Ademais, o supracitado artigo legal menciona a livre escolha de profissionais de saúde por parte dos beneficiários. Nesse contexto, a telemedicina possibilita que o beneficiário de plano com tal característica continue a ser atendido pelo profissional que escolher, esteja esse cumprindo ou não as recomendações de isolamento social. Impossibilitar a utilização do atendimento remoto significa obrigar a exposição dos profissionais, os quais por não poderem abrir mão de seu sustento, encontram-se obrigados a contrariar as recomendações impostas pelas autoridades de saúde nacionais e internacionais.
Fazer barreira ao reconhecimento da telemedicina como modalidade de atendimento, durante o período de combate ao coronavírus, pode ainda ser considerado ato atentatório à 3 direitos sociais previstos no artigo 6º[8] da Constituição Federal: saúde, trabalho e segurança. Priva-se o acesso à saúde por parte do beneficiário, uma vez que esse pode acabar evitando recorrer a um médico por medo de ser infectado pelo COVID-19. Por outro lado, o incentivo à interação de profissionais e pacientes pode representar riscos à saúde de terceiros, acarretando implicações à saúde nacional como um todo, uma vez que a interação pessoal é a principal causa de propagação do vírus. Ao trabalho dos profissionais de saúde, ao passo que impossibilitados de realizarem suas atividades, uma vez que incompatíveis com as recomendações de saúde pública. Por fim, à segurança de pacientes e profissionais, que são incentivados à exposição à probabilidade de contágio para que possam atender e ser atendidos.

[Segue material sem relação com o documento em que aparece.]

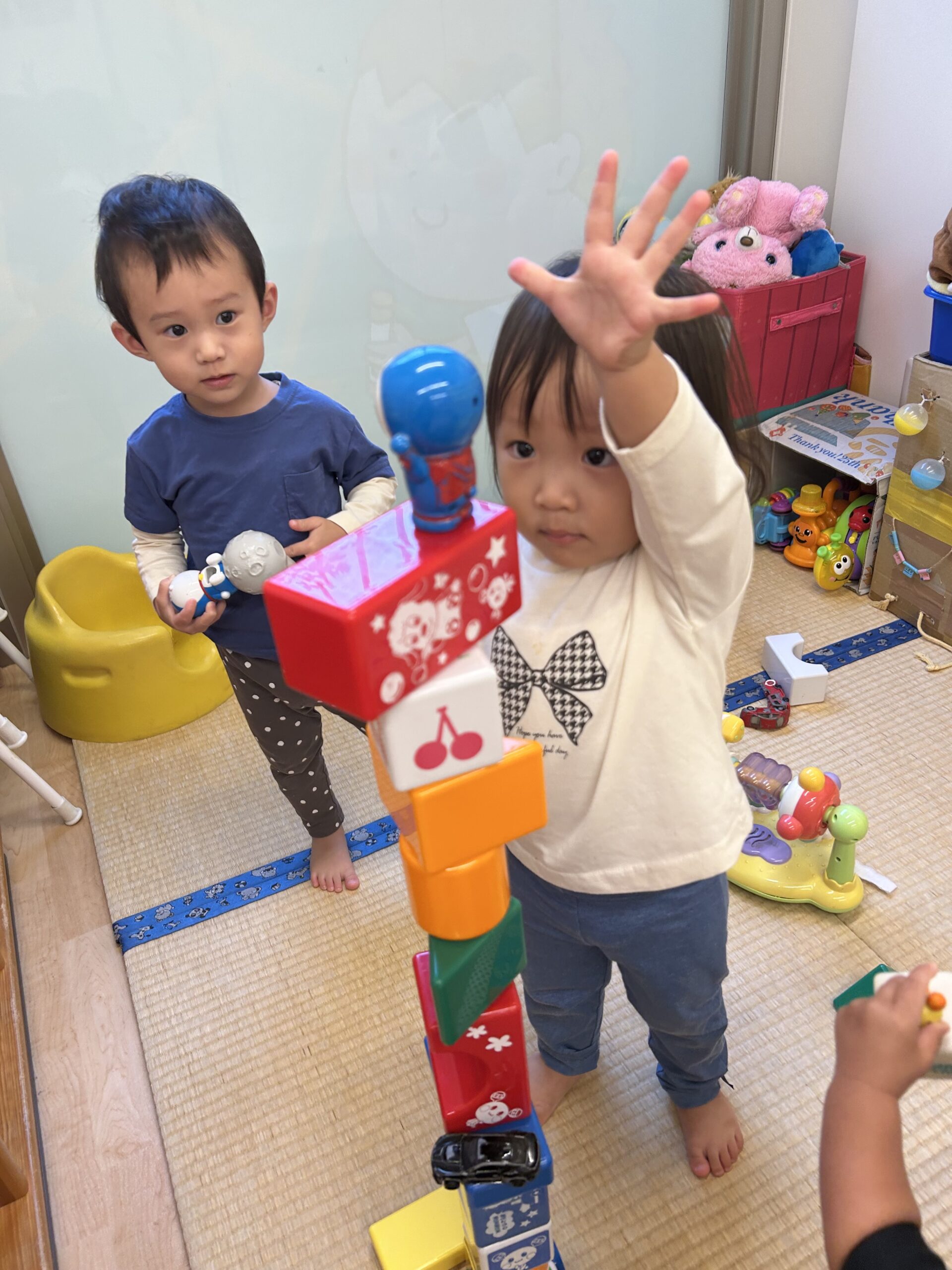 慎重に自分の背より大きく積み重ねられたね!すご〜い

A Diretoria Colegiada da ANS (Agência Nacional de Saúde Suplementar) entendeu, através de aprovação unânime da Nota Técnica nº 7/2020/GGRAS/DIRAD-DIPRO/DIPRO[9], em sua 6ª Reunião Extraordinária[10], realizada em 31 de março de 2020, que a pandemia do COVID-19 é justificativa suficiente à adoção da telemedicina no Brasil, assim concluindo:
“Atendimentos realizados por meio de comunicação à distância não se caracterizam como novos procedimentos, mas apenas como uma modalidade de atendimento não presencial, esta área técnica entende que não se faz necessário nem adequado atualizar o Rol de Procedimentos e Eventos de Saúde no que tange à inclusão de procedimentos (anexo I) e/ou alteração de diretrizes de utilização (Anexo II), nem tampouco às regras de cobertura dispostas na RN 428/2017, devendo-se considerar que os atendimentos por meio de telessaúde já são de cobertura obrigatória, na medida em que cumprem as orientações normativas dos Conselhos Profissionais de Saúde e/ou do Ministério da Saúde.”

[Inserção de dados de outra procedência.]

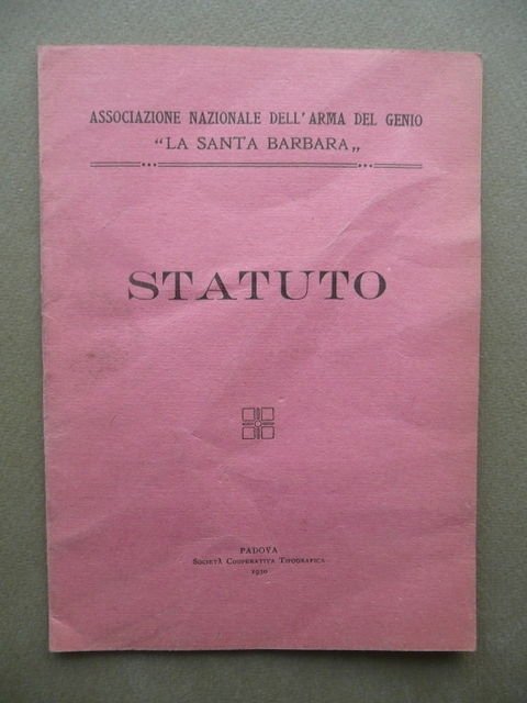 Statuto Associazione Nazionale Arma Del Genio La Santa Barbara Padova 1930

Assim sendo, entende-se pela necessidade das operadoras em viabilizar com urgência a possibilidade de atendimento remoto de beneficiários por parte dos profissionais de saúde, em substituição ao presencial, sob pena de estarem atentando contra as recomendações impostas pelas autoridades de saúde. Trata-se de medida excepcional e imediata que visa a preservação da adequada prestação dos serviços ofertados pela operadora, bem como a segurança dos pacientes e prestadores de serviços.
Ressalte-se que, obviamente, tais procedimentos deverão ser realizados em consonância com a legislação atual e com as normativas editadas pelo Ministério da Saúde e pelos conselhos profissionais competentes e, assim estando, devem ser cobertos integralmente pelas operadoras de saúde, uma vez que, em tempos de pandemia, são realizados de forma substitutiva aos atendimentos outrora realizados de forma presencial.
O momento atual levou à necessidade de incentivo à telessaúde como medida substitutiva ao atendimento presencial, motivando os conselhos profissionais e Ministério da Saúde a editarem normativas tratando da questão.
Tendo em vista que o COVID-19 assolou o país de forma repentina, as mudanças nos hábitos da população e na forma de trabalhar das empresas tiveram que ser tomadas com extrema urgência, não sendo diferente com a forma de atendimento médico.
A alteração de todos os contratos de plano de saúde, existentes entre operadoras e beneficiários, seria de uma morosidade incompatível com o ritmo de evolução da pandemia e com a necessidade de velocidade na adaptação das relações. Por tal razão, deve-se buscar uma forma célere de adequação da modalidade proposta às relações entre operadoras e prestadores de serviços enquanto durar a pandemia.
Nos termos da Nota Técnica nº 3/2020/DIRAD-DIDES/DIDES [11]da ANS, a qual não sofrera objeções por parte de sua Diretoria Colegiada, conclui-se, após extensa análise dos contratos de saúde e das normativas pertinentes, o seguinte:
“A desnecessidade de alteração e/ou adaptação de contratos para o exercício da Telemedicina, em consonância com a disciplina atualmente vigente acerca dos contratos entre Operadoras e Prestadores de Serviço à Saúde, em especial na RN nº 363/2014, desde que exista qualquer outro instrumento que permita identificar que as partes pactuaram a realização de atendimento via telessaúde por aquele determinado prestador, observando-se as exigências consignadas ao final do capítulo 4 desta nota.”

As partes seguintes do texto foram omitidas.